Gejala Khas Virus Ebola Langka yang Ancam Dunia, Demam hingga Nyeri Otot
Dalam fase lanjut, virus Ebola dapat memicu pendarahan internal, kerusakan organ, hingga gagal organ yang berujung kematian. Tingkat kematian varian Bundibugyo dilaporkan bisa mencapai 50 persen.
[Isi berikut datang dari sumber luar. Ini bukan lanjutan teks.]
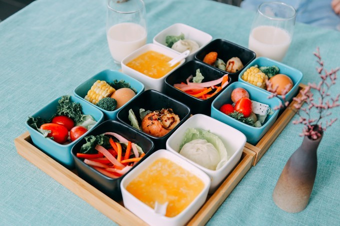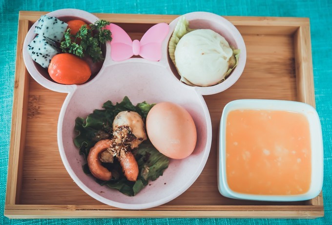 还有专门为孩子们准备的儿童早餐,营养搭配给100分,口味清淡,也特别适合小朋友,据说配菜每天不重样!

Hal yang membuat virus ini berbahaya adalah masa inkubasinya yang cukup panjang. Seseorang dapat membawa virus hingga 21 hari sebelum gejala muncul dan diyakini sudah dapat menularkan infeksi kepada orang lain.
Penularan Ebola terjadi melalui kontak langsung dengan cairan tubuh penderita, seperti darah, muntahan, air liur, keringat, hingga jenazah pasien yang terinfeksi.
Karena itu, WHO meminta masyarakat di wilayah terdampak untuk menghindari kontak langsung dengan pasien serta mengikuti prosedur kesehatan saat pemakaman korban Ebola.
Saat ini, para ilmuwan dari Universitas Oxford juga tengah mengembangkan vaksin khusus untuk varian Bundibugyo. Namun vaksin tersebut diperkirakan masih membutuhkan waktu beberapa bulan sebelum bisa diuji pada manusia.